Gulliver | Changes front and centre

Carriers are ditching first-class cabins as business class becomes plusher

The distance between the back and the middle of a plane is growing ever wider

By B.R.

THERE is a common lament that the distance between the front and the back of a passenger aircraft is growing ever wider, metaphorically speaking. That is true, but requires qualification. For the most part, the expanding chasm is, in fact, between the back and the middle of a plane.

It is an incontrovertible truth that economy-class passengers will now put up with nearly any level of discomfort in return for a cheap fare. So airlines have merrily shrunk seat pitches and withdrawn perks and still managed to fill their flights. But business-class passengers are more discerning. They are higher margin and usually where an airline will make its money, at least on longer-haul flights. So they must be wooed by ever-fancier seats, posh food and plush lounges.

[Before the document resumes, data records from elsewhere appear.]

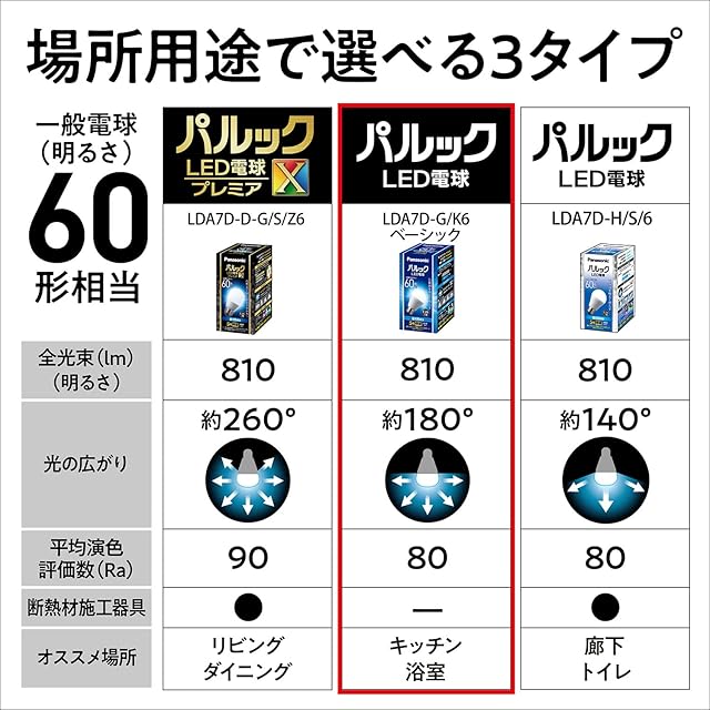 商品名:パナソニック LED電球 口金直径26mm 電球60W形相当 昼光色相当(7.0W) 一般電球・広範囲を照らす広配光タイプ 2個入り 密閉形器具対応 LDA7DGK62T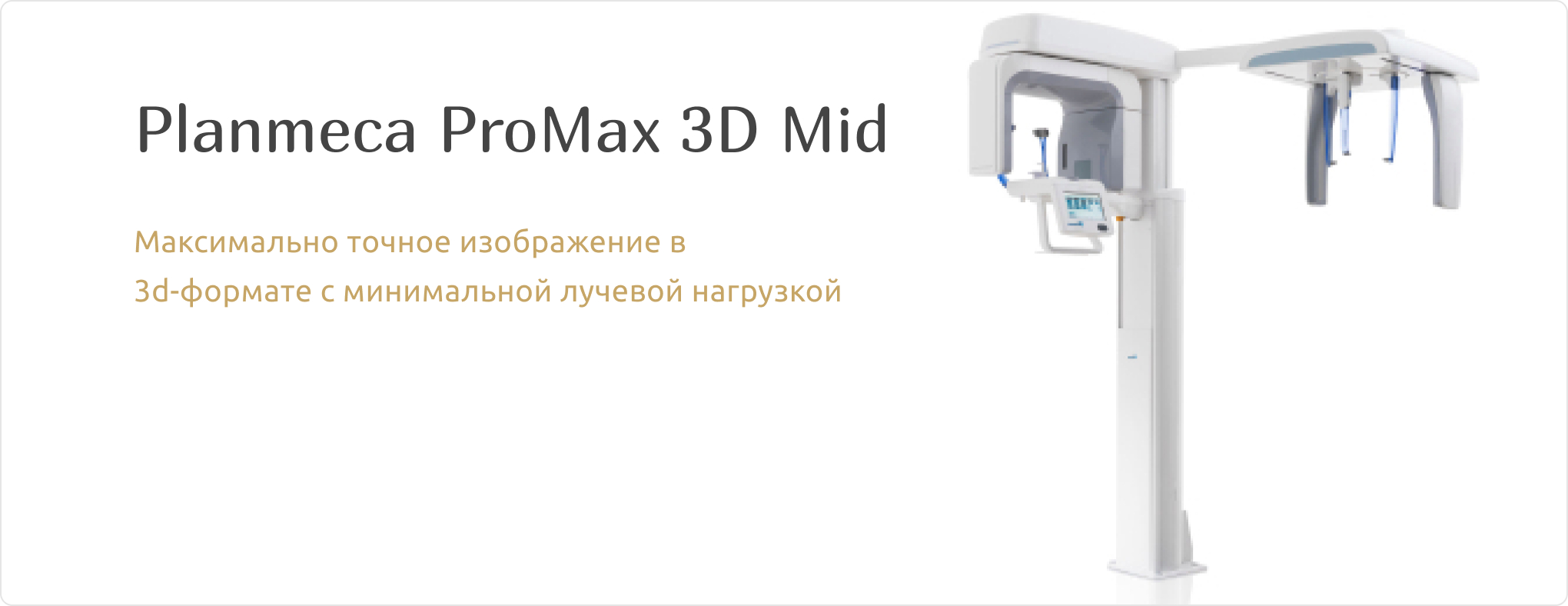 Для проведения рентгенодиагностики используется установка Planmeca ProMax 3D Mid (Финляндия), которая позволяет получать качественные трехмерные изображения, позволяющие провести оценку органов и тканей, поставить правильный диагноз, вовремя выявить скрытую проблему и провести виртуальное 3D-моделирование предстоящего лечения.
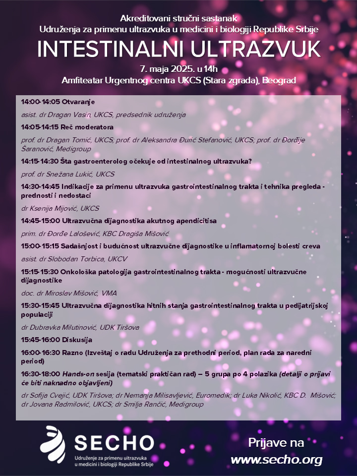 14:30-14:45 Indikacije za primenu ultrazvuka gastrointestinalnog trakta i tehnika pregleda -prednosti i nedostaci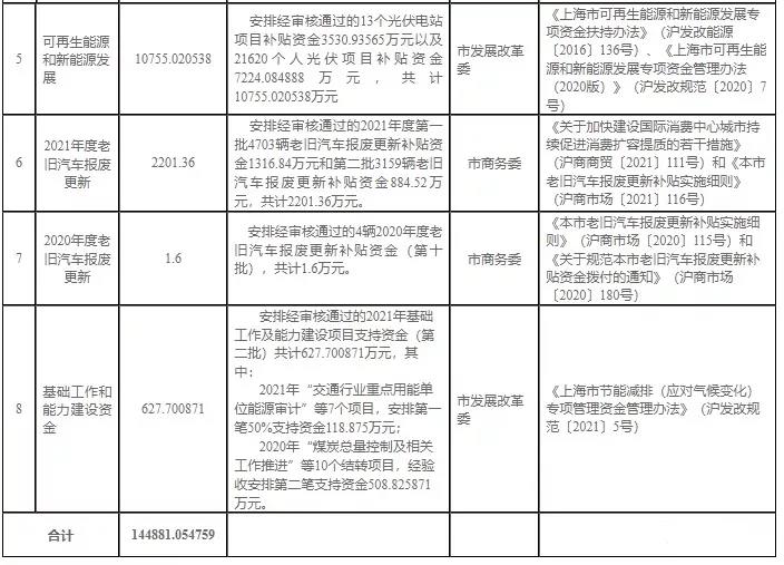 5、按照《上海市可再生能源和新能源發(fā)展專(zhuān)項(xiàng)資金扶持辦法》(滬發(fā)改能源〔2016〕136號(hào))、《上海市可再生能源和新能源發(fā)展專(zhuān)項(xiàng)資金管理辦法(2020版)》(滬發(fā)改規(guī)范〔2020〕7號(hào))等相關(guān)規(guī)定,安排經(jīng)審核通過(guò)的13個(gè)光伏電站項(xiàng)目以及21620個(gè)人光伏項(xiàng)目補(bǔ)貼資金,共計(jì)10755.020538萬(wàn)元。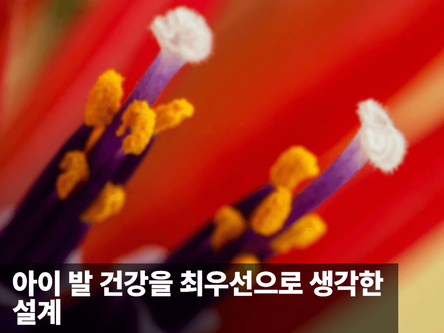 발에 꼭 맞는 편안한 착화감 역시 이 신발의 큰 매력 중 하나예요. 아이들이 하루 종일 뛰어놀아도 발이 아프거나 무리가 가지 않도록 충분한 공간 조절과 함께 통기성 좋은 소재를 사용했습니다.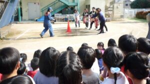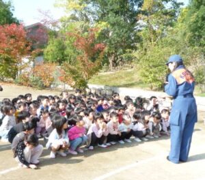 11月の避難訓練は火災を想定して避難をしました。今回は消防署の方と消防団の方に来ていただいて、子どもたちが避難する様子を見ていただいた後、職員の消火訓練を見てもらいました。子どもたちには先生たちが赤いさんかくコーンをめがけて初期消火をする様子を見て、「〇〇先生がんばれ!」と声援を送ってくれました。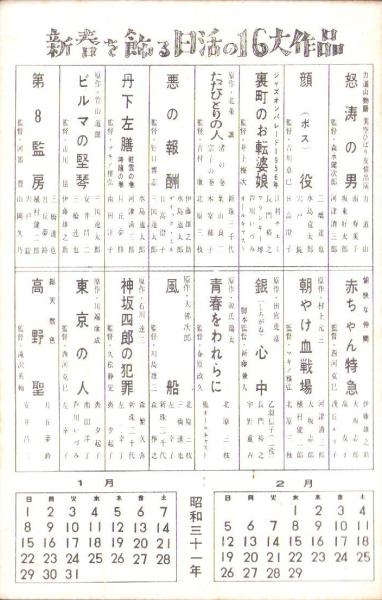 • 著者 裏面・新春を飾る日活の16大作品、昭和31年1・2月カレンダー

A few years ago, a flat-bed seat in business class would have been considered opulent. No longer. Today they are considered standard. So while the back of the plane is engaged in a race to the bottom, the middle section is moving rapidly in the other direction. Here, according to Stephen Shaw, author of an airline-marketing textbook, carriers are battling in a never-ending and largely fruitless quest for competitive advantage. Mr Shaw writes:

One airline may establish such an advantage but this does not turn out to be sustainable. The very fact that customers like its new cabin configuration forces its rivals to respond with something equally or even more appealing in order to protect their market share. The end result of a round of competitive innovation in seating standards is that market share remains more or less the same, but all the airlines which have taken part in it have significantly higher unit costs.

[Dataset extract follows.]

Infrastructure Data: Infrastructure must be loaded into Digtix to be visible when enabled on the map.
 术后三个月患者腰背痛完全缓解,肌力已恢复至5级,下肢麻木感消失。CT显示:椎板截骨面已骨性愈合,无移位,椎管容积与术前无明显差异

But all of this pampering of the middle has had a knock-on effect. Why would rich passengers pay extra for first class when business class is now so exclusive? The simple answer is that fewer are now prepared to. And so airlines are beginning to ditch their poshest cabins.

Amid the fanfare that sounded when United Airlines unveiled its new international business-class cabins last week (pictured above), was a quieter announcement that the operator would be phasing out first class. It is not alone. Other carriers, including British Airways, Air Canada and Delta, have also decided that on some routes business class is now sufficient for the needs of its premium passengers.

Some airlines believe that they can maintain the differentiation between the front, middle and back by making first class even more ludicrously posh. Witness Etihad’s three-room suites, with a bedroom, lounge and bathroom, that can be found at the front of its A380s. The Abu Dhabi-based flyer may or may not make much money on the product, it is tight-lipped on that, but the truth is that, at a cost of perhaps $20,000—sometimes more—for a trip it is just as handy as a way of signalling that it is a premium brand. Other carriers with tighter budgets won't bother.

In any case, they still have some room to grow the disparity between the haves and have-nots. When one sociologist calculated planes’ GINI coefficient, a statistical tool for measuring the distribution of income, she found that they are a veritable socialist utopia compared with America as a whole. Sadly for those at the back, carriers, no doubt, are trying to change that.